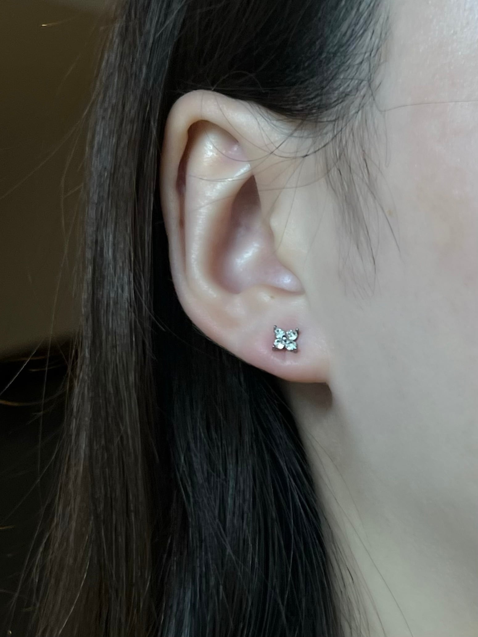 小ぶりなクローバーが、耳元でさりげなく輝くピアス。
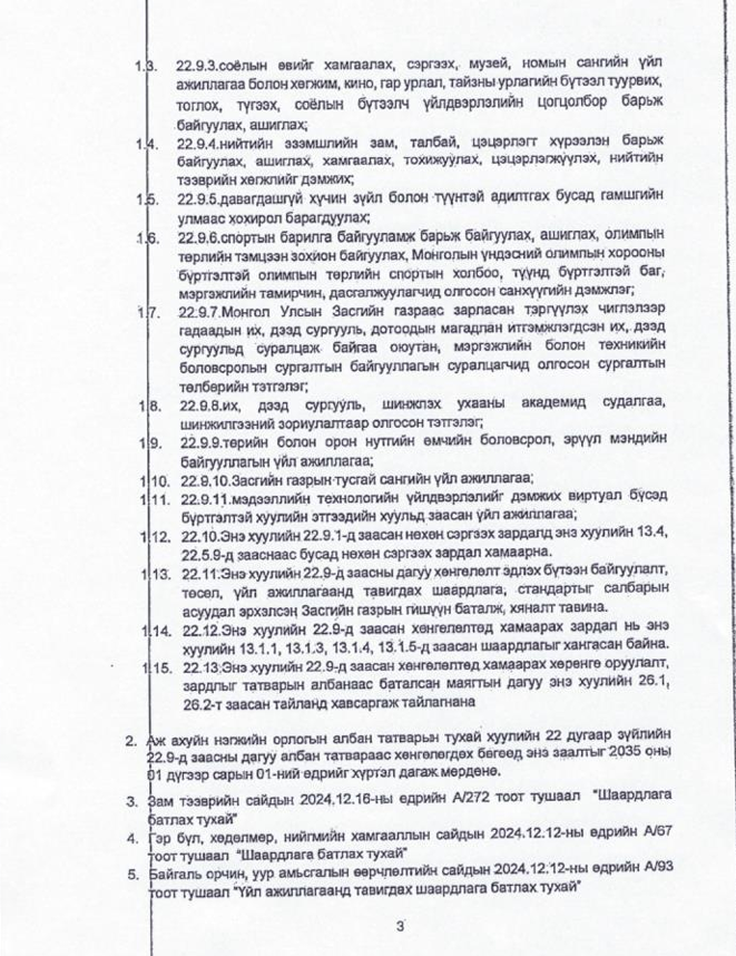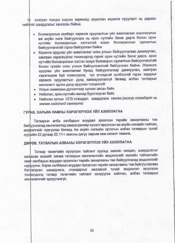 ХӨДӨЛМӨРИЙН ЧАДВАР АЛДСАНЫ ТЭТГЭВРИЙГ ЦАХИМААР ТОГТООХ ҮЙЛЧИЛГЭЭГ НЭВТРҮҮЛЛЭЭ Нийгмийн да... 2025-10-15 314ТӨРИЙН ЖИНХЭНЭ АЛБАН ХААГЧИЙГ ШИЛЖҮҮЛЭХ, СЭЛГЭН АЖИЛЛУУЛАХ ТУХАЙ ЗАР
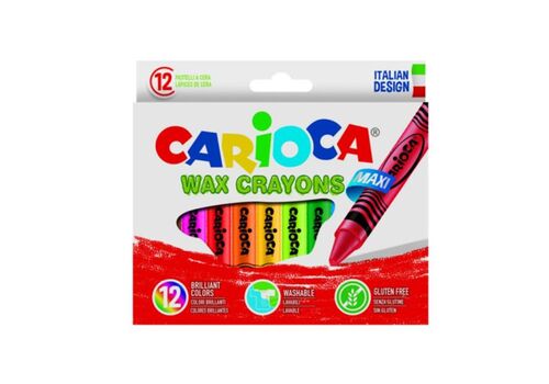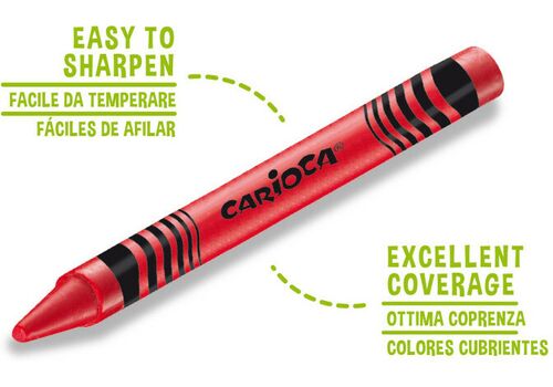 Κραγιόν κέρινα Carioca. Έχουν πολύ μεγάλο σώμα για ευκολία στη χρήση. Έχουν φωτεινά χρώματα και είναι απαλά στο γράψιμο. Διαλύονται στο νερό με τη χρήση πινέλου.
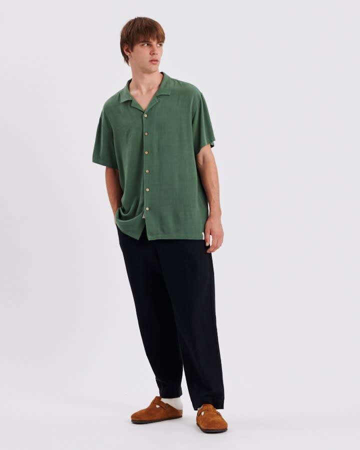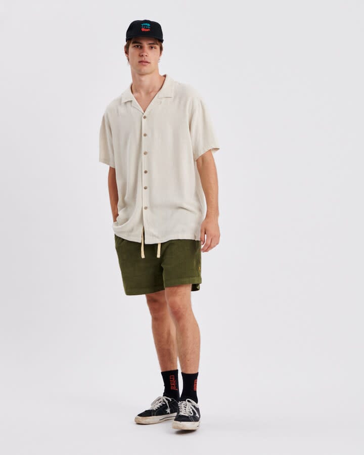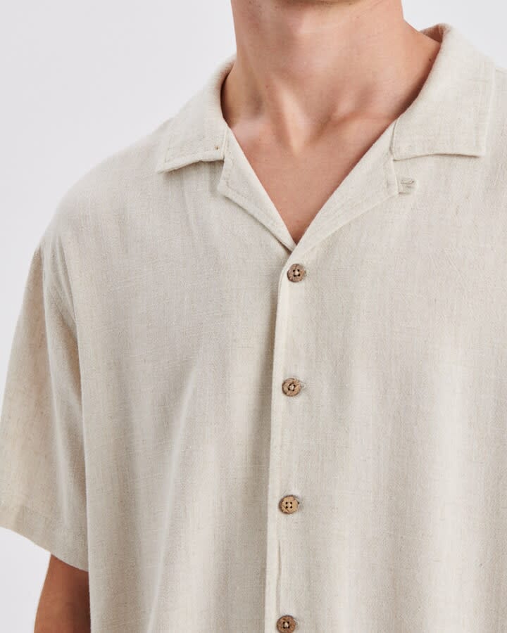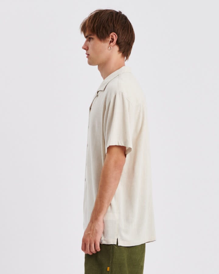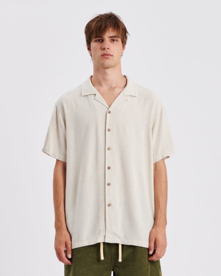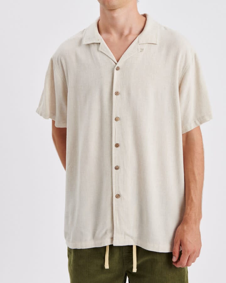 Effortless summer style meets laid-back comfort with the Ernie Resort Shirt from Critical Slide Society. Crafted from a breathable linen blend, the Ernie Resort Shirt features a relaxed fit with a straight hem and small side vents for easy movement. The classic resort collar brings a chilled holiday vibe, complemented by natural coconut buttons that add a subtle, unique touch. This shirt is perfect for beach days, casual nights, or cruising town with mateys. With its lightweight fabric and roomy fit, the Ernie Resort Shirt delivers all-day comfort and timeless style.
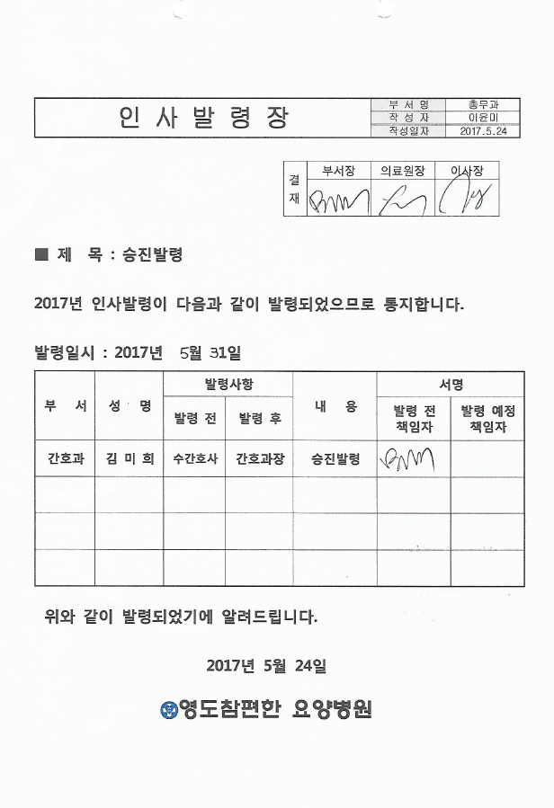 최상의 의료서비스를 제공하기 위해 더욱 더 노력하는 영도참편한요양병원 직원들이 되겠습니다.
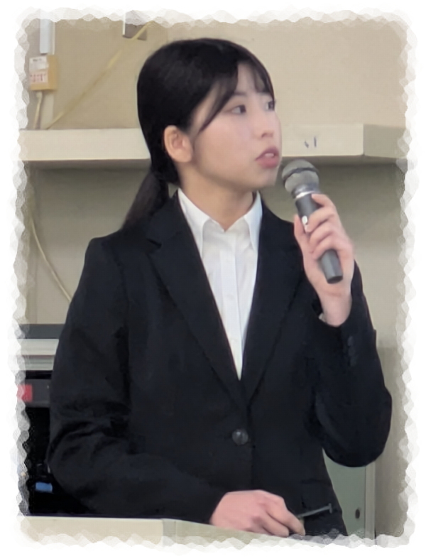 | 2025.3.5. | 【祝】卒研発表会。石浜亘君、伊豆倉夢那さん、笠井瑞歩さん、近藤颯汰君、田﨑秀悟君、溝奏太君、山田隼平君、発表。 2024年度第二回舎密会 |
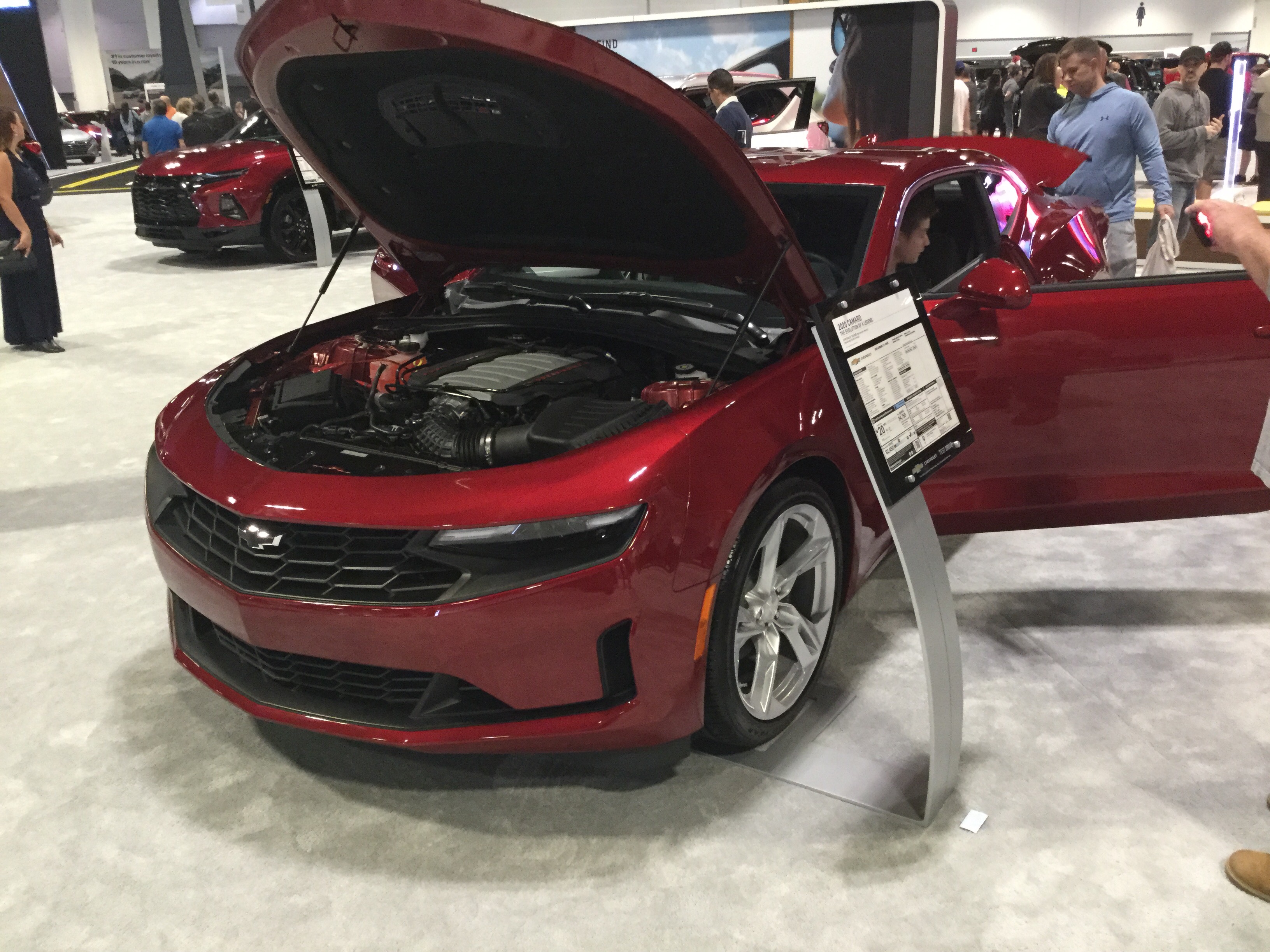 This is a 2020 Chevy Camaro LT1 that was at the 2020 Shops at Wiregrass Car & Truck Show. This is from the sixth generation of the Camaro, which has been in production since November of 2015 (the first model year was 2016). The Camaro received an update for the 2019 model year. The engine is the LT1, which is a 6.2 liter V8 that produces 455 horsepower and 455 pound-feet of torque. The transmission of this one is a 10-speed automatic.

**ABOUT THIS TASK:** Nothing but the lines from the first line of the data through the line with "ХӨДӨЛМӨРИЙН ЧАДВАР АЛДСАНЫ" belongs in the answer, copied exactly and without pictures.

**SOLUTION FOR THIS EXERCISE:**
 小ぶりなクローバーが、耳元でさりげなく輝くピアス。
 ХӨДӨЛМӨРИЙН ЧАДВАР АЛДСАНЫ ТЭТГЭВРИЙГ ЦАХИМААР ТОГТООХ ҮЙЛЧИЛГЭЭГ НЭВТРҮҮЛЛЭЭ Нийгмийн да... 2025-10-15 314ТӨРИЙН ЖИНХЭНЭ АЛБАН ХААГЧИЙГ ШИЛЖҮҮЛЭХ, СЭЛГЭН АЖИЛЛУУЛАХ ТУХАЙ ЗАР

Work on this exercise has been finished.